Redis 不仅仅是一个键值缓存——它是一个数据结构服务器。每种 Redis 数据类型都针对特定用例进行了优化,选择正确的数据结构可以大幅简化应用程序逻辑。本综合指南涵盖了所有七种核心 Redis 数据结构,并提供了实际示例和性能特征。
字符串(Strings)
最基本的 Redis 类型。字符串存储任何字节序列(文本、整数、序列化的 JSON、二进制数据)。最大大小为 512 MB。
# STRINGS — the simplest type, just bytes
# Basic set and get
SET user:1000:name "Alice"
GET user:1000:name # "Alice"
# Set with expiry (TTL in seconds)
SET session:abc123 "user_data" EX 3600 # expires in 1 hour
SET session:abc123 "user_data" PX 3600000 # expires in 1 hour (milliseconds)
SET session:abc123 "user_data" EXAT 1800000000 # expires at Unix timestamp
# Atomic counter operations
SET page:home:views 0
INCR page:home:views # 1
INCR page:home:views # 2
INCRBY page:home:views 10 # 12
DECR page:home:views # 11
# String manipulation
SET greeting "Hello"
APPEND greeting " World" # "Hello World"
STRLEN greeting # 11
# GET and set in one operation
GETSET page:home:views 0 # returns old value, resets to 0
SETNX lock:resource "owner" # set only if not exists (mutex pattern)
# Multiple keys at once
MSET user:1:name "Alice" user:1:age 30 user:2:name "Bob"
MGET user:1:name user:1:age user:2:name列表(Lists)
Redis 列表是链表。对头部或尾部的操作极快(O(1)),并支持阻塞弹出操作——非常适合任务队列。
# LISTS — ordered sequences (linked list under the hood)
# Push to left (head) or right (tail)
RPUSH tasks "task1" "task2" "task3" # right push (append)

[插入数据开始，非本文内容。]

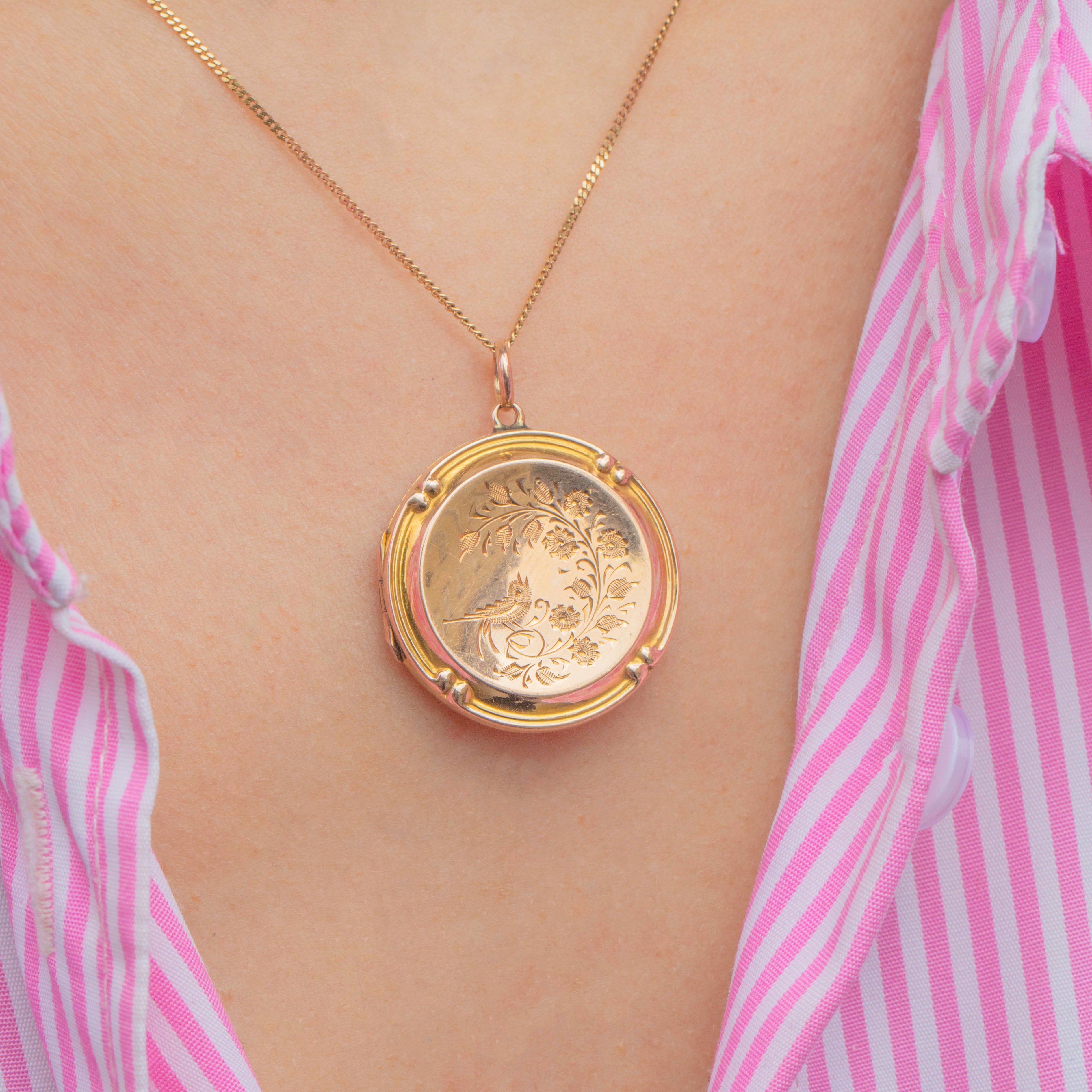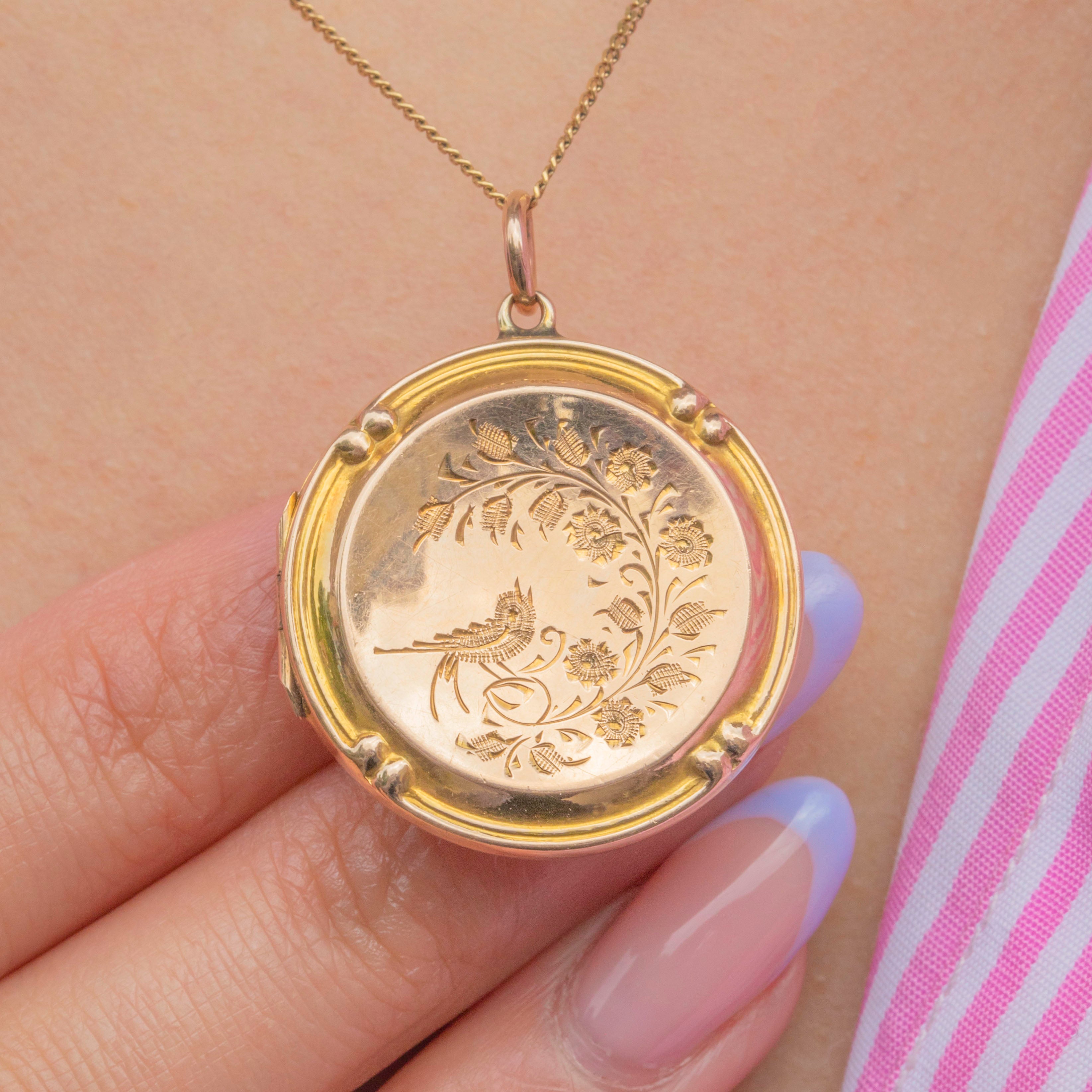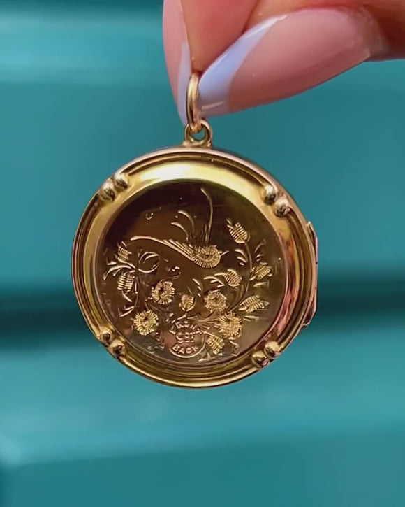 This Edwardian 9ct Gold engraved bird in flight round locket is as pretty as a picture! Intricately engraved with swallows and floral motifs, this antique locket is steeped in romantic sentiment.

LPUSH tasks "task0" # left push (prepend)
# Pop from left or right
LPOP tasks # "task0" (removes and returns)
RPOP tasks # "task3"
# Blocking pop (for task queues — blocks until item available)

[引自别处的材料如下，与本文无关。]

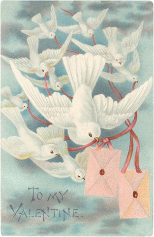 VL-179 To My Valentine, Doves with Letters - Vintage Image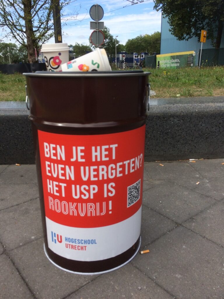 Naast de ingang van het HU-gebouw staat een student te roken. ‘Kijk zie je die blauwe tegel? Het USP is rookvrij tegenwoordig.’ De student drukt zijn peuk uit tegen de muur en laat hem demonstratief op de blauwe tegel vallen. ‘Ik bepaal zelf wel waar ik rook. Heb jij niks beters te doen dan rokers lastig vallen?’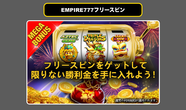 - EMPIRE777フリースピンを受け取った場合、初回入金ボーナスは申請できません。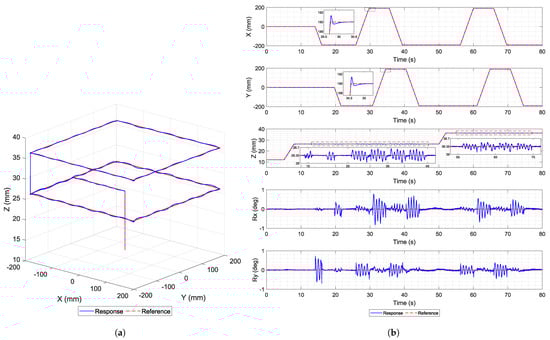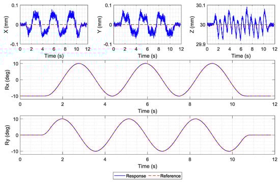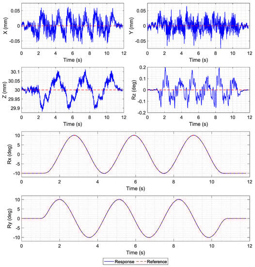 Then, the mover is rotated in place with roll and pitch angles of ±10 degrees, as shown in Figure 9. The trajectory tracking results in rotation demonstrate good tracking performance. However, the oscillations in the x, y, and z axes are ±0.07 mm. The cross-coupling effect between x–pitch and y–roll can still be observed in this experiment.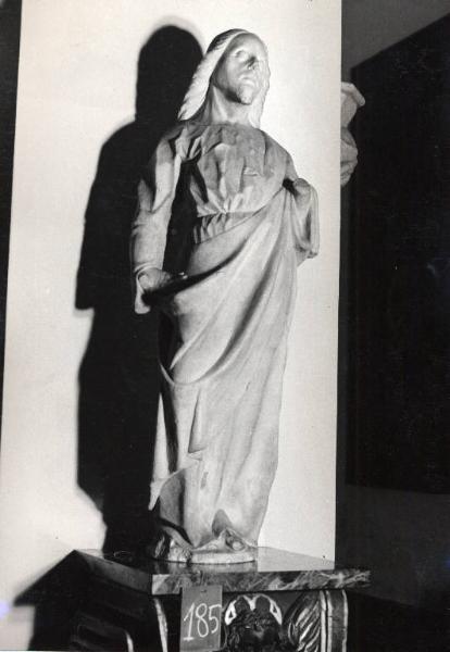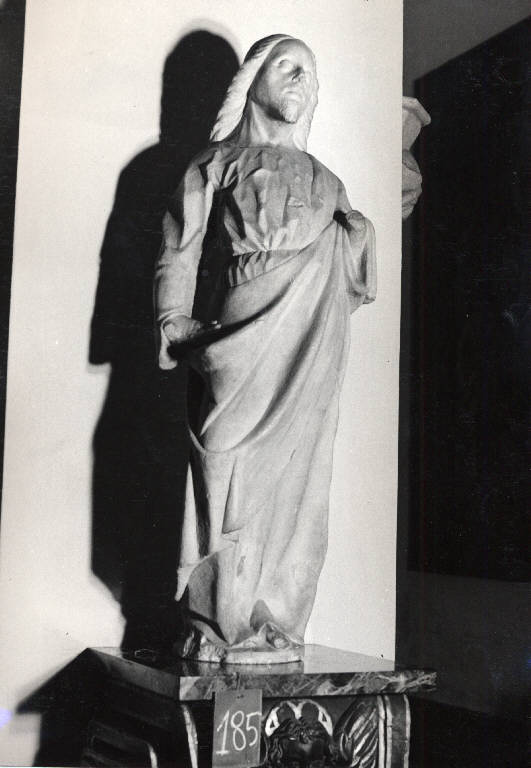 - NOTIZIE STORICO CRITICHE La statuetta del Museo del Duomo presenta interessanti spunti. Il volto offre anticipazioni di alta qualità degli esiti della scultura degli anni novanta del quattrocento. Il modellato è delicato e i trapassi luministici sono accompagnati dalla superficie arrotondata. L'aria trasognata, che aveva fatto pensare alla figura rappresentata come un Redentore, sembra essere annuncio delle vaghe fisionomie di alcune figure bramantinesche (Noli me tangere, Milano, Pinacoteca di Brera, già S. Maria del Giardino, 1507, o il Cristo del Museo Thyssen-Bornemisza, Madrid, 1490 cca.). Ulteriori assonanze, si hanno con alcune statue presenti nella decorazione di Tommaso Rodari sul Duomo di Como, il riferimento va particolarmente al Cristo risorto, databile agli anni novanta del secolo. Per quanto il differente stato di conservazione permetta solo di riscontrare un'assonanza e una comune sensibilità di matrice mantegazziana, si nota come nel caso di Como questi elementi siano risolti con un accentuarsi dell'espressività, mentre nel nostro caso con uno sviluppo delle forme ovalizzanti (Foto pubblicata in S. Soldini, Tommaso Rodari, contemporaneo e seguace dell'Amadeo, in Giovanni Antonio Amadeo. Scultura e architettura del suo tempo, a c. di J. Schell, L. Castelfranchi, Milano, 1993, pp. 505-523, p. 521 ). Da rileggere in questo senso la menzione che Silvio Vigezzi fece nel suo catalogo del nome di Cristoforo Solari, ovvero come la grande abilità di questo anonimo maestro di giungere ad esiti di tanta fortuna nei decenni successivi agli anni ottanta (forse uno dei riferimenti più immediati, per tipologia più che per una reale corrispondenza di sensibilità, è il Cristo morto del Dayton Art Institute attribuito al Gobbo). \nPiù difficile riportare agli ultimi decenni del secolo il resto della figura ancora ammantata del panneggio cartaceo, per quanto addolcito nelle increspature e smorzato dalla fascia trasversale che evidenzia il ginocchio, per il quale sembra più opportuno un confronto con il Monumento della Torre (1583) in S. Maria delle Grazie, dove istanze che aprono il nuovo secolo sono fuse con modi e sensibilità del periodo immediatamente trascorso. \nSingolare e ben riuscita commistione di suggestioni, si ritiene opportuno affidare la statuetta ad un maestro lombardo attivo dalla metà del secolo che abbia forse condotto un periodo di apprendistato vicino alla cerchia amadeiana, si propone in questa sede una datazione tra gli anni ottanta e non oltre l'ultimo decennio del Secolo. \nUn ulteriore dato da prendere in esame è il particolare stato di conservazione della superficie lapidea. Fatta esclusione della perdita delle parti più esposte della figura, la scultura presenta un buono stato di conservazione con una cromia dorata e l'assenza di depositi. Questa caratteristica fa pensare che la prima destinazione questa statuetta fosse un altare o un monumento che non ebbe lungo corso all'interno del Duomo, ma che per l'alta qualità della statua e, anche in base al grado di dettaglio e finitezza, potesse essere stata conservata nei locali della Fabbrica, una volta dismessa dal suo contesto originale, forse uno degli altari fatti togliere da Carlo Borromeo, dopo il 1566.

BLPOP queue:jobs 30 # blocks up to 30 seconds
# Range (0-indexed; -1 means last element)
LRANGE tasks 0 -1 # all elements
LRANGE tasks 0 2 # first 3 elements
# Length and index access
LLEN tasks # number of items
LINDEX tasks 0 # first item (no removal)
# Queue pattern (FIFO): producer RPUSH, consumer LPOP
RPUSH queue:emails "email1" "email2"
LPOP queue:emails # "email1" (FIFO order)
# Stack pattern (LIFO): producer and consumer both on same end
LPUSH stack:undo "action1"
LPUSH stack:undo "action2"
LPOP stack:undo # "action2" (LIFO order)集合(Sets)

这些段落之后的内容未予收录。